→ **What is needed**:
Every entry below should be written out exactly, and no image should appear.

[Material shown Boundary: Start]

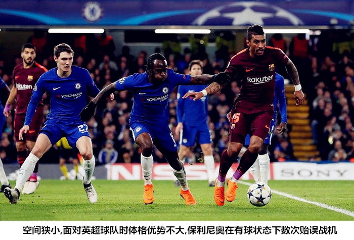组织者布斯克茨和梅西在中场予取予求,终结者苏亚雷斯和保利尼奥却在密集防守面前显得比较挣扎。前者依靠对位优势多次在外围完成摆脱后的钻营,后者则因为运气不佳而两次错过了梅西的妙传。蓝军的密集防守削弱了保利尼奥的核心价值(后插上做墙/破局),巴萨的右路难以在进攻端起到压制作用,对手自然会抓住这一漏洞形成反制。值得一提的是,保利尼奥在上半场就曾多次出现反击中得球后犹豫不决进而耽误快攻的表现,强强对话放大了他在传球水平和意识方面与队友的差距;此外,巴西人作为防守者可以完成盯人任务但整体意识不算突出,切尔西在劣势局面下组织起的零星攻势大多在其身后的空当内策动。
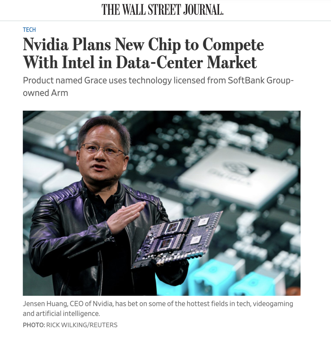 黄仁勋带领的英伟达也在眼馋英特尔数据中心的业务,推出服务这一市场的芯片。去年,英伟达已超越英特尔成为全球市值最高的芯片公司。
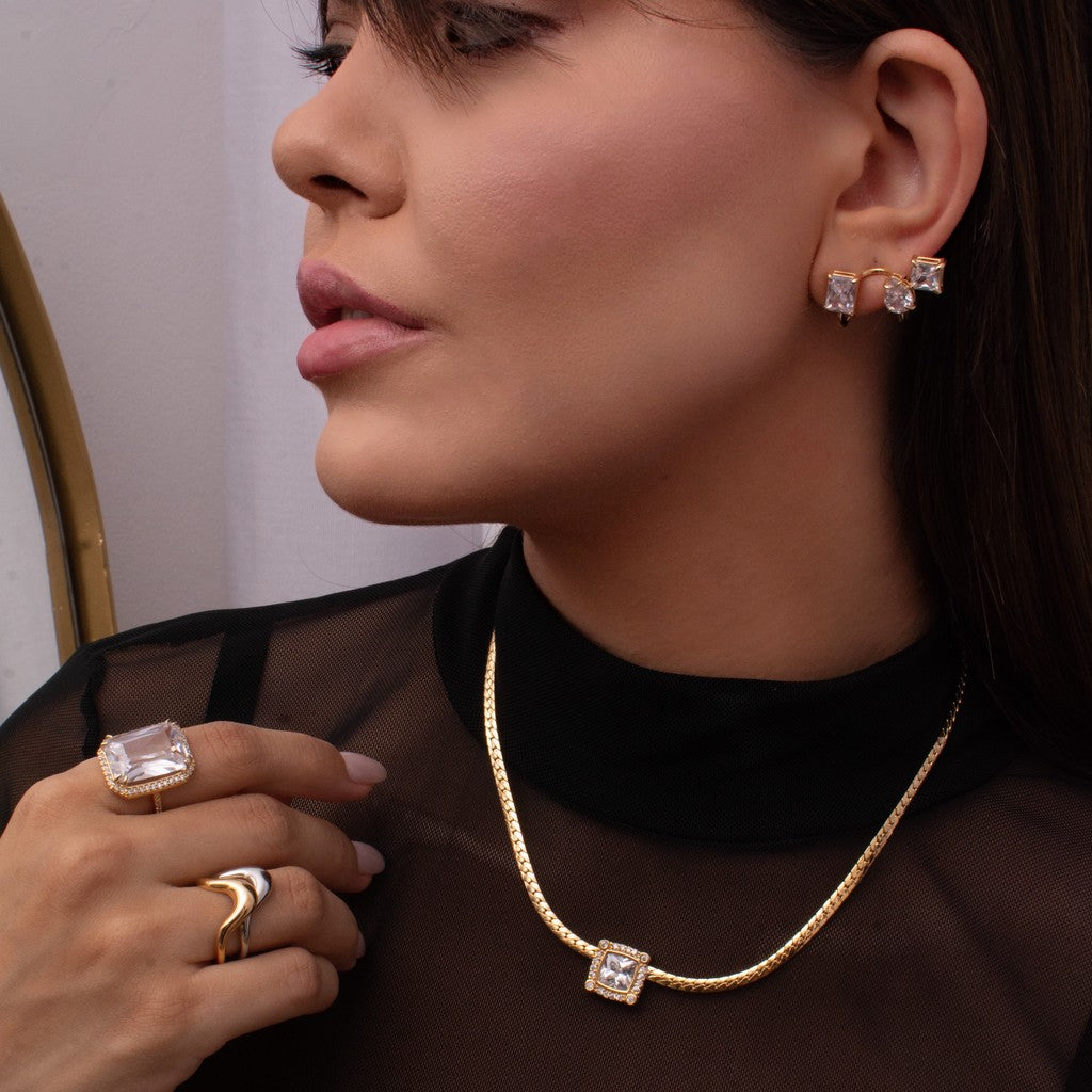 Brinco Ear Cuff Envolvente Octógono Gota Carre
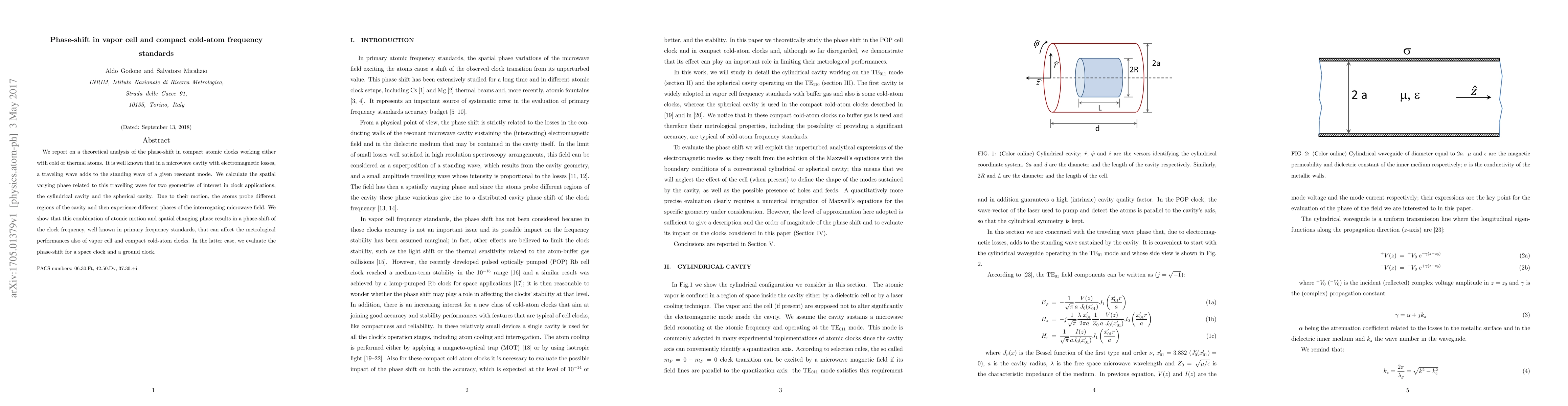 This paper theoretically analyzes phase-shifts in compact atomic clocks using cold or thermal atoms, focusing on cylindrical and spherical cavity geometries. It demonstrates that atomic motion through varying phase regions of the microwave field can lead to frequency shifts affecting metrological performance, with specific evaluations for space and ground clocks.
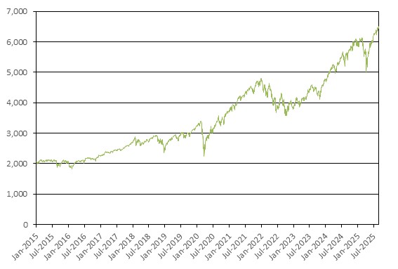 The following graph shows the daily historical performance of the Index in the period from January 1, 2015 through August 28, 2025. We obtained this historical data from Bloomberg L.P. We have not independently verified the accuracy or completeness of the information obtained from Bloomberg L.P. On the pricing date, the closing level of the Index was 6,501.86.
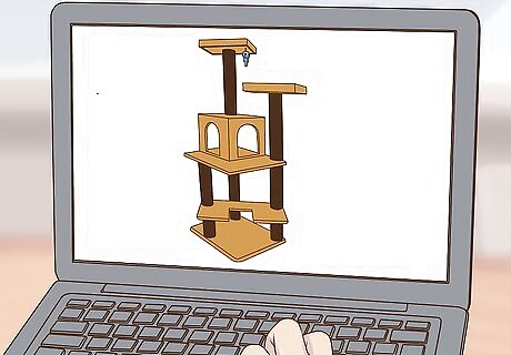 Give your cat places to climb. American curl cats love to climb, perch, and jump. Provide your cat with a cat tower or cat tree so they can climb safely and securely. While sitting on top of a cat tower, your cat can survey its environment and burn off some of its abundant energy by leaping and climbing. Buy a cat tree or tower online or at your local pet store. They come in various sizes and heights and cost between $50 and $150.
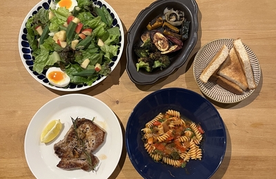 11月1日(土) ・ フリッジトマトソース ・ サラダ ・ グリルドベジ ・ ポークソテー ・ 全粒粉パン 11月2日(日) ・ チャプチェ ・ サラダ ・ ナムル3種盛り ・ まぐろの切り落とし漬け ・ ネギにまみれて何かわからないもの ・ キムチ ・ ネギわかめスープ 11月3日(月) ・ 若者のアイドル ・ サラダ ・ ツナサラダのチーズ焼き ・ グリルドベジ ・ にら玉スープ 11月4日(…

[Material shown Boundary: End]

→ **Expected answer**:
组织者布斯克茨和梅西在中场予取予求,终结者苏亚雷斯和保利尼奥却在密集防守面前显得比较挣扎。前者依靠对位优势多次在外围完成摆脱后的钻营,后者则因为运气不佳而两次错过了梅西的妙传。蓝军的密集防守削弱了保利尼奥的核心价值(后插上做墙/破局),巴萨的右路难以在进攻端起到压制作用,对手自然会抓住这一漏洞形成反制。值得一提的是,保利尼奥在上半场就曾多次出现反击中得球后犹豫不决进而耽误快攻的表现,强强对话放大了他在传球水平和意识方面与队友的差距;此外,巴西人作为防守者可以完成盯人任务但整体意识不算突出,切尔西在劣势局面下组织起的零星攻势大多在其身后的空当内策动。
 黄仁勋带领的英伟达也在眼馋英特尔数据中心的业务,推出服务这一市场的芯片。去年,英伟达已超越英特尔成为全球市值最高的芯片公司。
 Brinco Ear Cuff Envolvente Octógono Gota Carre
 This paper theoretically analyzes phase-shifts in compact atomic clocks using cold or thermal atoms, focusing on cylindrical and spherical cavity geometries. It demonstrates that atomic motion through varying phase regions of the microwave field can lead to frequency shifts affecting metrological performance, with specific evaluations for space and ground clocks.
 The following graph shows the daily historical performance of the Index in the period from January 1, 2015 through August 28, 2025. We obtained this historical data from Bloomberg L.P. We have not independently verified the accuracy or completeness of the information obtained from Bloomberg L.P. On the pricing date, the closing level of the Index was 6,501.86.
 Give your cat places to climb. American curl cats love to climb, perch, and jump. Provide your cat with a cat tower or cat tree so they can climb safely and securely. While sitting on top of a cat tower, your cat can survey its environment and burn off some of its abundant energy by leaping and climbing. Buy a cat tree or tower online or at your local pet store. They come in various sizes and heights and cost between $50 and $150.
 11月1日(土) ・ フリッジトマトソース ・ サラダ ・ グリルドベジ ・ ポークソテー ・ 全粒粉パン 11月2日(日) ・ チャプチェ ・ サラダ ・ ナムル3種盛り ・ まぐろの切り落とし漬け ・ ネギにまみれて何かわからないもの ・ キムチ ・ ネギわかめスープ 11月3日(月) ・ 若者のアイドル ・ サラダ ・ ツナサラダのチーズ焼き ・ グリルドベジ ・ にら玉スープ 11月4日(…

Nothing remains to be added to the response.